PETITION

PETITION

💥The Prepack Ain't Prepacking💥

Plus updates: West Marine Inc. + Xerox Corporation ($XRX) + SIMAD Holdings Ltd./DAMIS Holdings LLC.

Jul 12, 2026
∙ Paid

Let’s dive into the big recent chapter 11 filing and get into some updates. LFG!


💥New Chapter 11 Bankruptcy Filing - DISH DBS Corporation and DISH Wireless L.L.C.💥

What even is a “prepack”? At one point, Johnny thought he knew — a filing that was expected to go smooth as butter on account of prebaked widespread support.

More and more though, he isn’t sure.

Case in point. On June 30, 2026, EchoStar Corporation ($ECHO)-owned, Englewood, CO-based DISH DBS Corporation (“DBS”), DISH Wireless L.L.C. (“DWLLC”), and sixteen affiliates (collectively, together with DBS and DWLLC, the “debtors” and together with their non-debtor affiliates, the “company”) filed chapter 11 bankruptcy cases in the Southern District of Texas (Judge Lopez).

Source: Docket 19

Cases, which, debtors’ counsel White & Case LLP (“W&C”) says are prepackaged. Here’s the plan and here’s the disclosure statement.

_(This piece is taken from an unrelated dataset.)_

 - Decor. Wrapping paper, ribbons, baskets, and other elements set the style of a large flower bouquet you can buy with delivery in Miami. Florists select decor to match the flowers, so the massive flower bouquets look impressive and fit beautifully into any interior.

We’ll assume some familiarity with the company. It’s a well-known pay-TV, wireless, and internet service provider, and the debtors constitute two of its business segments. That is, DWLLC and four debtors (collectively, the “wireless debtors”) built out (PETITION NOTE: key tense there) the company’s nationwide 5G mobile network infrastructure following its antitrust-driven acquisition of Sprint Corporation’s Boost Mobile in ‘20. All in, the company dumped ~$46b into that op before, following an “… unusual …” — first day declarant and COO John Swieringa’s words — investigation by the US Federal Communications Commission (the “FCC”) in spring ‘25, (i) agreeing to sell its spectrum to AT&T Mobility II LLC (“AT&T”) and Space Exploration Technologies Corp. ($SPCX) (“SpaceX”) for ~$42b, a figure roughly $12b more than the company paid for the spectrum, and (ii) calling a FCC-inspired force-majeure event under its agreements under its tower leases and infrastructure and vendor agreements, which in turn prompted lawsuits to rain down. Now, those entities don’t operate.

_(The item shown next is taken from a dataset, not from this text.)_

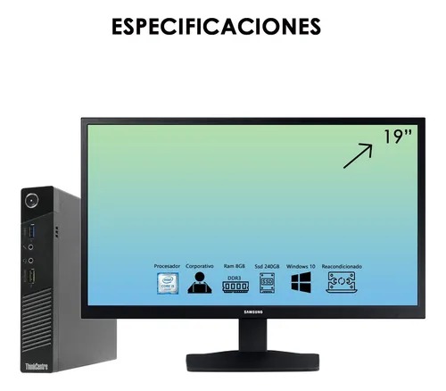 El formato Tiny (ultracompacto) permite ahorrar espacio sin comprometer funcionalidad. El kit incluye un monitor de 19 pulgadas, ideal para trabajo cómodo en escritorio, además de un combo inalámbrico de teclado y mouse, que ofrece libertad de movimiento y un área de trabajo más limpia.

Meanwhile, DBS and its subsidiaries (collectively, but excluding the wireless debtors, the “DBS debtors”) do. They run the TV segment, including Sling TV,* and with respect to those entities, we agree with W&C. This is a prepack. After two+ years of litigation relating to a liability-managing, asset-shuffling transaction,** they hammered out a restructuring support agreement (the “RSA”) in March ‘26 — you know, 3-ish months before the petition date — with an ad hoc group of the DBS debtors’ funded debt holders (the “ad hoc group”), represented by Milbank LLP and Lazard Frères & Co. ($LAZ).

Source: Docket 19

Importantly, the DBS debtors and the wireless debtors have wholly-different capital structures. DBS has that third-party funded debt ☝️, and had they filed on their own, the DBS debtors would fly through chapter 11. In fact, no one on that side of the house is even taking a haircut. The notes will be amended and paid in full, and every other class — including general unsecured claims — will pass through the bankruptcy unimpaired.

Easy peasy. In principle.

Unfortunately for the ad hoc group, the DBS debtors filed alongside the wireless debtors, which aside from intercompany “loans” (discussed 👇), are burdened by contingent creditors — i.e., litigants in the lawsuits demanding billions in damages, which the company disputes. AKA there’ll be a lot of painful, long-lived bankruptcy litigation.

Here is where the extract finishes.